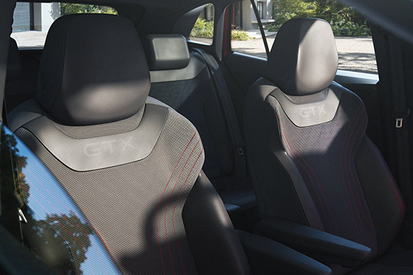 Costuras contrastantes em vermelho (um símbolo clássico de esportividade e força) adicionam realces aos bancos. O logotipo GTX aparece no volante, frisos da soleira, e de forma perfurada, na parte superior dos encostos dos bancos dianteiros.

········

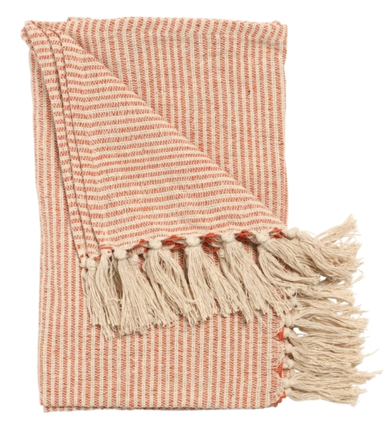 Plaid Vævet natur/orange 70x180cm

········

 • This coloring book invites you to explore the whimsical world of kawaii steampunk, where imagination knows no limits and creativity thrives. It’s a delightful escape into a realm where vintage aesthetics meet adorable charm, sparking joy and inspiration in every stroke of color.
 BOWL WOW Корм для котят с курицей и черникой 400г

········

Both end lines included, restate word for word the lines above from the line with "stroke of color." to the line with "BOWL WOW Корм", and nothing else.

- **EXERCISE OUTPUT**
 • This coloring book invites you to explore the whimsical world of kawaii steampunk, where imagination knows no limits and creativity thrives. It’s a delightful escape into a realm where vintage aesthetics meet adorable charm, sparking joy and inspiration in every stroke of color.
 BOWL WOW Корм для котят с курицей и черникой 400г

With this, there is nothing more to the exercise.